A CRISPR/Cas9-based kinome screen identifies ErbB signaling as a new regulator of human naïve pluripotency and totipotency.

作者信息

Li Jiayu, Lin Xiwen, Xie Liangfu, Zhao Jingru, Han Chunsheng, Deng Hongkui, Xu Jun

机构信息

Department of Cell Biology, School of Basic Medical Sciences, Peking University Stem Cell Research Center, Peking University Health Science Center, Peking University, Beijing 100191, China.

State Key Laboratory of Stem Cell and Reproductive Biology, Institute of Zoology, Chinese Academy of Sciences, Beijing 100101, China.

出版信息

Life Med. 2023 Oct 20;2(4):lnad037. doi: 10.1093/lifemedi/lnad037. eCollection 2023 Aug.

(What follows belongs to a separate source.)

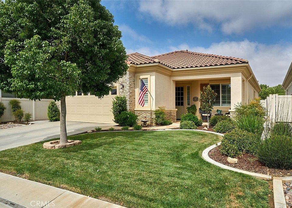 MOUNTAIN VIEWS FROM THIS GORGEOUS HOME IN SOLERA, A 55+ COMMUNITY! NEWER CENTRAL AIR/FURNACE. 2 bedrooms/2 bathrooms and and office/den.You will love this home before you even walk inside! Stone exterior and a flagstone walkway give this home great curb appeal. This is an immaculate home that has been impeccably maintained. Upgrades include plantation shutters; upgraded Berber carpet and ceramic tile; Pergo flooring in the master bedroom, guest bedroom and even the closets; built-in entertainment center; newer refrigerator, dishwasher, disposal, microwave; front screen door; fans in most rooms; glass door on guest bathtub; a workbench and overhead storage in the garage; extended covered patio; and a second gate leading to the back yard. Newer hot water tank. You will love the meticulously landscaped backyard! Solera is a guard-gated community. The clubhouse has a state-of-the-art gym with an indoor running track, billiards room, meeting rooms, bocce ball court, tennis courts and a heated pool and spa. Solera is located close to Palm Springs, golf courses, Morongo Casino and outlet malls. Basic cable TV and internet included and paid through HOA.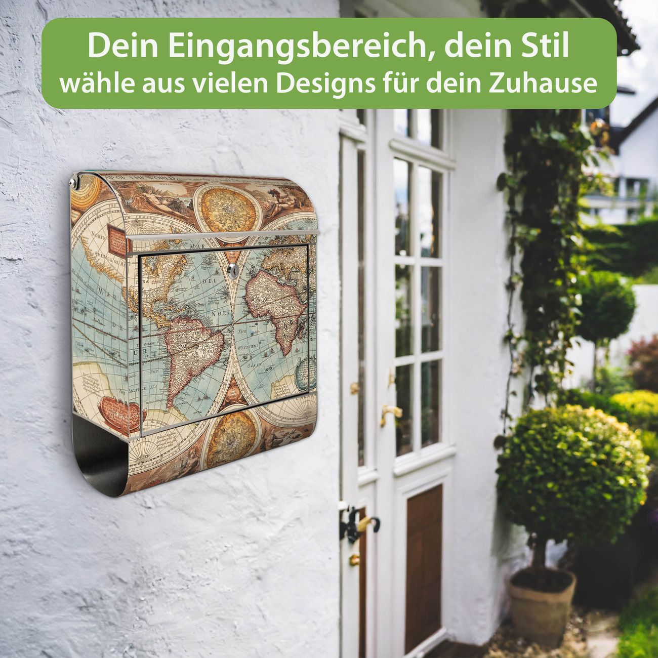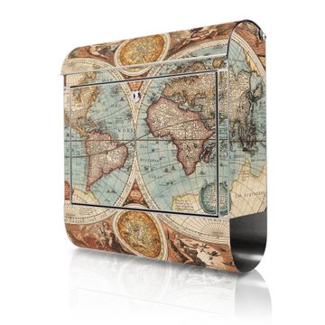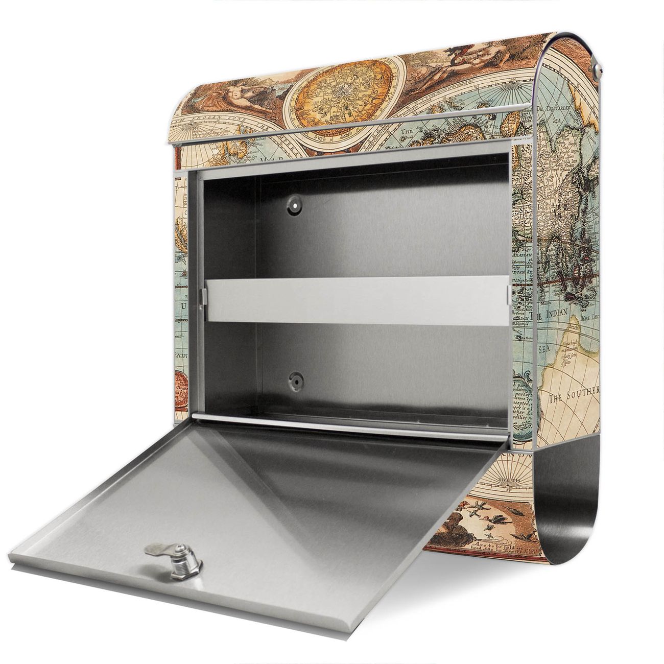 Wandbriefkasten Edelstahl Motiv Historische Weltkarte

DOI:10.1093/lifemedi/lnad037
PMID:39872545
原文链接:https://pmc.ncbi.nlm.nih.gov/articles/PMC11749542/
Abstract

Regulation of totipotency and naïve pluripotency is crucial for early human embryo development. However, the mechanisms of naïve pluripotency and totipotency regulation in humans, especially the signaling pathways involved in these processes, remain largely unknown. Here, using the conversion of human extended pluripotent stem cells (hEPSCs) to naïve pluripotent stem cells as a model, we performed a CRISPR/Cas9-based kinome knockout screen to analyze the effect of disrupting 763 kinases in regulating human naïve pluripotency. Further validation using small molecules revealed that the inhibition of ErbB family kinases promoted the transition of hEPSCs to human naïve pluripotent stem cells. More importantly, chemical inhibition of the ErbB family also promoted induction of totipotent signatures in human pluripotent cells under different culture conditions. Our findings provide new mechanistic insights into the regulation of naïve pluripotency and totipotency in humans.

摘要

全能性和原始多能性的调控对人类早期胚胎发育至关重要。然而,人类中原始多能性和全能性调控的机制,尤其是这些过程中涉及的信号通路,仍 largely 未知。在此,我们以人类扩展多能干细胞(hEPSCs)向原始多能干细胞的转化为模型,进行了基于CRISPR/Cas9的激酶组敲除筛选,以分析破坏763种激酶对调控人类原始多能性的影响。使用小分子的进一步验证表明,抑制ErbB家族激酶可促进hEPSCs向人类原始多能干细胞的转变。更重要的是化学抑制ErbB家族也促进了在不同培养条件下人类多能细胞中全能性特征的诱导。我们的研究结果为人类原始多能性和全能性的调控提供了新的机制见解。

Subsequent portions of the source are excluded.